I was looking on Vanderbilt Med Center's website where they were bragging about benefits, one being their policy on grief pay, they said they give three days pay to an employee who loses a spouse, child, parent, sibling...how caring and thoughtful :uhoh3:...for some reason this just turned me off.

I don't think I would want to work for Vanderbilt.

I have not read the article, nor have I read the responses. This is my two cents, based on my own experiences. My brother died in 1989, and I was totally lost. I thought I was handling things well, but I had to not only work but take care of my parents, because everyone kept telling me "You have to take care of your parents, they're beside themselves with grief right now." Nobody thought about what I might be going through. After all, I couldn't possibly be grieving as bad as my parents, since he was only my brother but he was their son.

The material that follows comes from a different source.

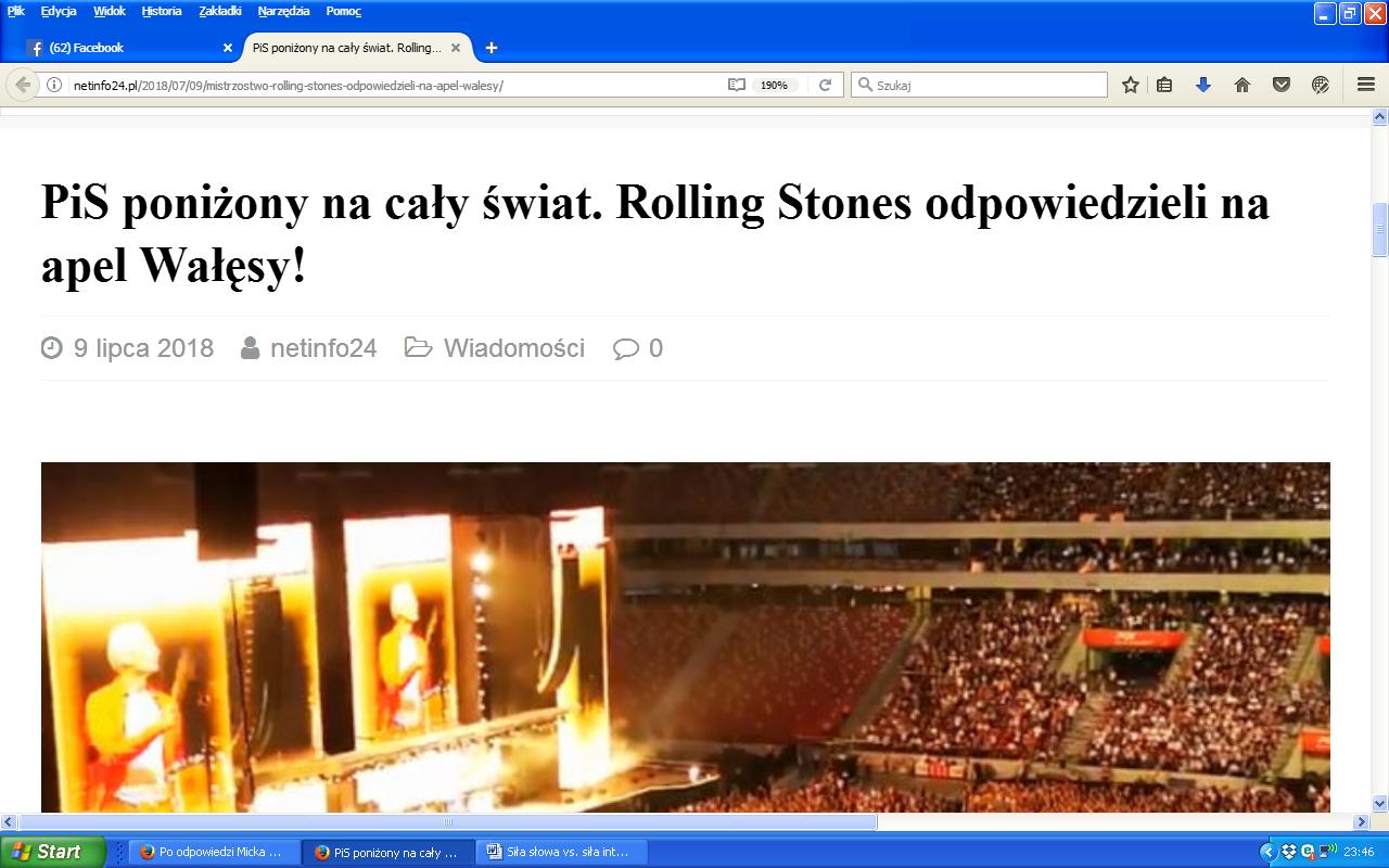 Mało znany portal NETINFO24.pl wraz z lewackim PIKIO.PL wypowiedź Jaggera komentują jako…. poniżenie PiS na całym świecie!

A couple of months later I got a call at home from a coworker. I found out later that she was elected to call me, since she had been my preceptor when I started as a new grad. She very gently told me about a counselor who specialized in grieving and suggested I call her. I said "I don't need counseling, I'm fine."

Answer: "No, you're not fine. You really need to talk to someone."

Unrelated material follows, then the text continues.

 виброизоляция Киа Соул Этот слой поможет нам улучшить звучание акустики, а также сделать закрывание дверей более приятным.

Thank God I listened to what she was trying to say. I contacted the person whose name she gave me, and I spent the next three months in therapy. I yelled, I cried, I hurt......and I healed.

God bless grief counselors.

I was looking on Vanderbilt Med Center's website where they were bragging about benefits, one being their policy on grief pay, they said they give three days pay to an employee who loses a spouse, child, parent, sibling...how caring and thoughtful :uhoh3:...for some reason this just turned me off.

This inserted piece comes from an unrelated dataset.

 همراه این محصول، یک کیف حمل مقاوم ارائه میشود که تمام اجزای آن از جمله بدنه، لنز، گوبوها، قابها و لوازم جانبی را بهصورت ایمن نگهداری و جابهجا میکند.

I don't think I would want to work for Vanderbilt.

Now I've read the responses!!!

MM, three days is standard. I've never seen a facility offer more than that. You can take more time off, but three days is all they'll pay you for. I was gone for about 2 weeks. My boss was very understanding and let me have all the time I wanted, but I had to take PTO for the rest of the time.

gonzo1, ASN, RN

Specializes in ED, ICU, PSYCH, PP, CEN. Has 18 years experience.

I'm really glad the counselors are there for the people who may need them. There have been several times in my life I would like to have had someone to talk to. I wish my hospital had a debriefing team because there have been a couple of ER occurances when it would have been nice to have had someone to discuss this with. Instead you just clean up and go on to the next patient.

Additionally, it seems that our society does not allow proper grieving time anymore, we are told to get on with life and I think that is very hard on some people.

Jo Dirt

Has 9 years experience.

Now I've read the responses!!!

MM, three days is standard. I've never seen a facility offer more than that. You can take more time off, but three days is all they'll pay you for. I was gone for about 2 weeks. My boss was very understanding and let me have all the time I wanted, but I had to take PTO for the rest of the time.

Oh, ok. Well, that makes more sense. I can understand three days pay, but the way I initially read it to me it looked like they were saying you have three days to get over it and get back to work.

I agree with EricEnfermero: I have been a psych CNS (psychotherapist) for a long time, and, unfortunately, there are minimally trained people out there who have figured out that there is big $$$ to be made in CISM (critical incident stress management) and "grief counseling." I'm not saying that every therapist who tries to help people through a crisis has poor motives or is a bad person, but (again, unfortunately) there are now a lot of what I can only refer to as hucksters out there in those particular areas (also, nearly anyone, regardless of her/his (lack of) credentials, can call her/himself a "therapist" as long as s/he is careful to avoid a few protected titles -- buyer beware!!). And the documentation is not just "one unpublished study," as someone else commented -- there is a growing body of evidence (and discussion within the psychotherapy community) that some of this stuff does much more harm than good.